Sure, it's theoretically possible to make everything always compatible with everything. In which case you get another problem: bloat.

The end result is that "data-driven design" leads to one of three roads: limited variability despite unlimited content, incompatibility, or bloat. Often it leads down all of these roads in various amounts, but if you're doing a one-player game, it's usually primarily limited variability.

There's nothing fundamentally wrong with this. All games have limited variability. In fact, those limits are often what drive the game to be razor-sharp and great, rather than a mushy mash of media.

Still, data-driven is not the only solution. It's very efficient for games of a specific size at the moment, but for games which are small or quite large, it's not very efficient. Too much overhead, or too many limitations.

The most efficient solution, for larger games, is probably algorithmic generation. Instead of being "data-driven", you're exactly the opposite: your algorithms spontaneously generate your data. Depending on what sort of game you're creating, the difficulty here varies from insanely difficult to merely somewhat obnoxious. For example, it's not too incredibly obnoxious for Civilization's worlds, cultures, and NPC gameplay to be "emergent" rather than carefully scripted. That part of the game is algorithmically generated, not "data-driven". On the other hand, the actual tiles of the map (jungle, ruins, etc) are "data-driven", because it's nearly impossible to create an algorithm which can generate as meaningful a set of terrain tiles.
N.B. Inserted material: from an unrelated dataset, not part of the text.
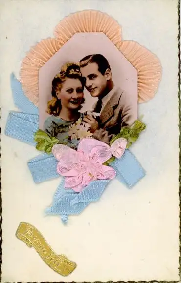 Stoff Ak Glückwunsch, Liebespaar, Schleife

The tiles are data, the placement algorithms are algorithms. Is this data-driven design? How about the AI? It's algorithmic, but it has to know about the usefulness of any given tile. That's pretty clearly algorithmic, with very little in the way of being data-driven. The tech tree? Entirely data-driven.
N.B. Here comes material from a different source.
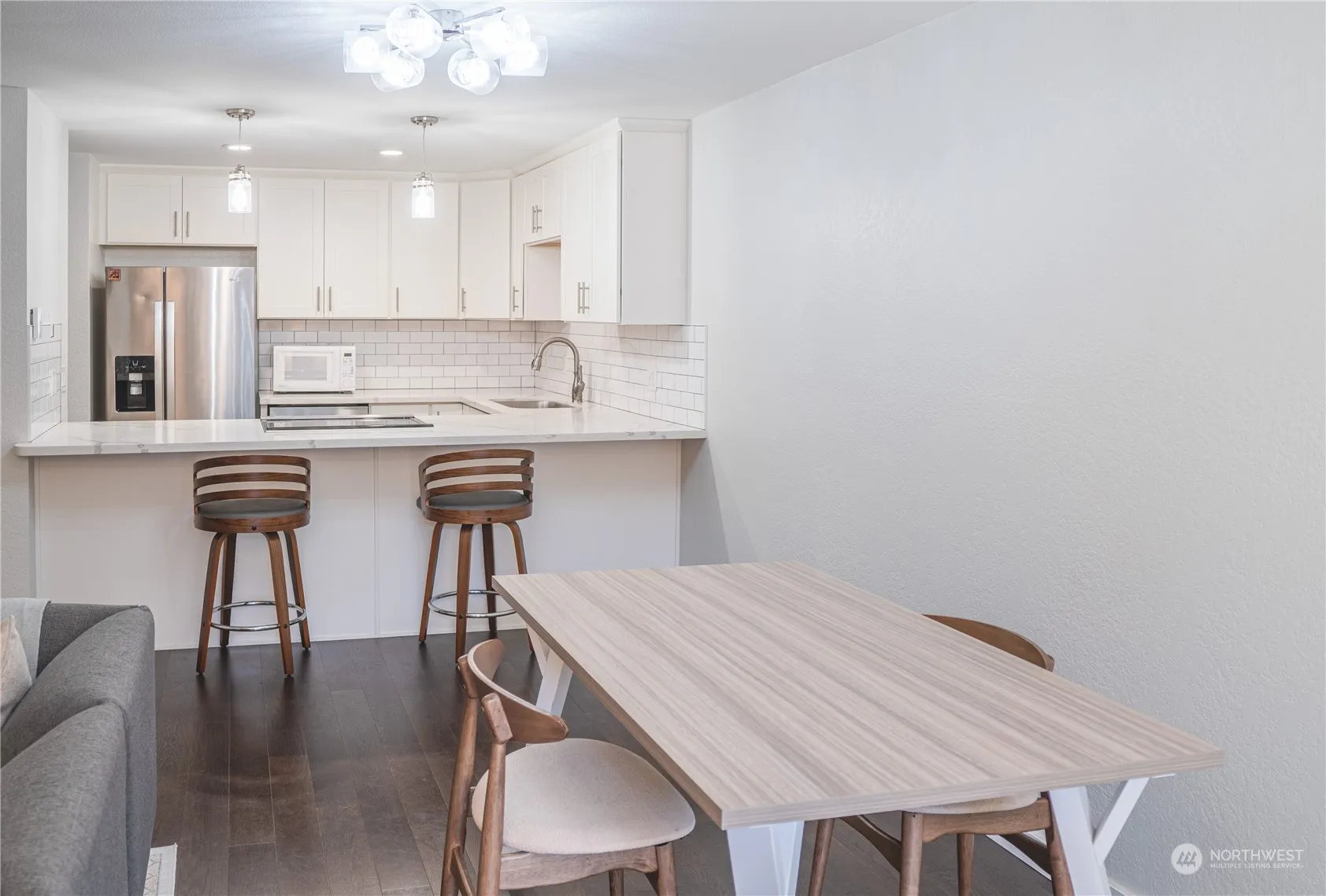 Welcome home to your end unit townhome with modern finishes and completely remodeled kitchen, bathrooms and more. A private backyard let ample sunlight flood the open concept home. Spacious living and dining room with brand new Quarts counter tops and tile backsplash. A chef’s dream with SS appliances, plenty of storage cabinets & eat-in kitchen bar. Convenient and new washer & dryer with plenty of storage. Entertain guests with the private fenced patio for living or gardening. Upstairs includes 2 large bedrooms with walk in closets and fully renovated primary bath. 2 parking spaces, 2 balconies, 1 storage unit and award winning school district makes this one that won’t last!

See, it all depends on the depth your creation needs to contain. Few people complain too much that the AI in civilization doesn't act like real countries do. Aside from the fact that real countries have more than ten cities, nobody expects a game to model such a level of political complexity. So a simple model can create algorithmically generated gameplay, instead of having to carefully script each instant of every level. You don't need data on the level: just plug the countries in and let them chug. No data. Just algorithms.
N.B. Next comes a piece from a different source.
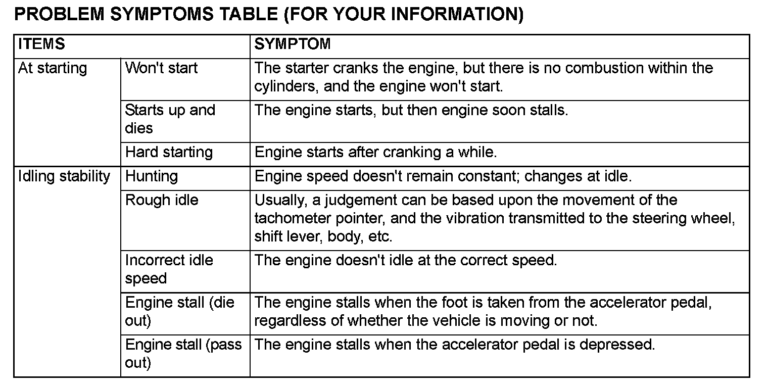 PROBLEM SYMPTOMS TABLE (FOR YOUR INFORMATION)

But a quick jaunt over to the world of voice acting shows just the opposite: it's nearly impossible to algorithmically generate good voice acting. Even the best voice programs might sound realistic, but none of them can put as much emotional power in their voice as a good voice actor. At least, not without having every instant carefully controlled, in which case it would be easier to get a voice actor. This is an example of content that had damn well better be data-driven. No algorithms. Just data.

So, no, I don't think "data-driven" is the wave of the future. In fact, I think it's the wave of the past: I think algorithmic generation is becoming more powerful every year. The days of scripting a level are nearly done. In ten years, we'll just say what things should be in the level, and then our algorithms will build it for us.

"Data-driven" design is very useful in many situations. But I don't consider those situations to be universal. Or anywhere near it.

2 comments:

Patrick said...

I totally agree, and I would even take it a step further: allow the AI to evolve the content-creation algorithms.

Craig Perko said...

Patrick: Have you ever tried it? That's functionally impossible! Our AI algorithms aren't just not advanced enough: they're not even in the right universe.

Maybe in fifty years...

Corvus: I don't know anything about your project, so this wasn't pointed at you. From your two-sentence explanation, it sounds like data-driven to me, but I don't know anything about it.

However, there's nothing wrong with data-driven. It's the right solution a lot of times. It's just that everyone seeems to be saying, "it's the solution!"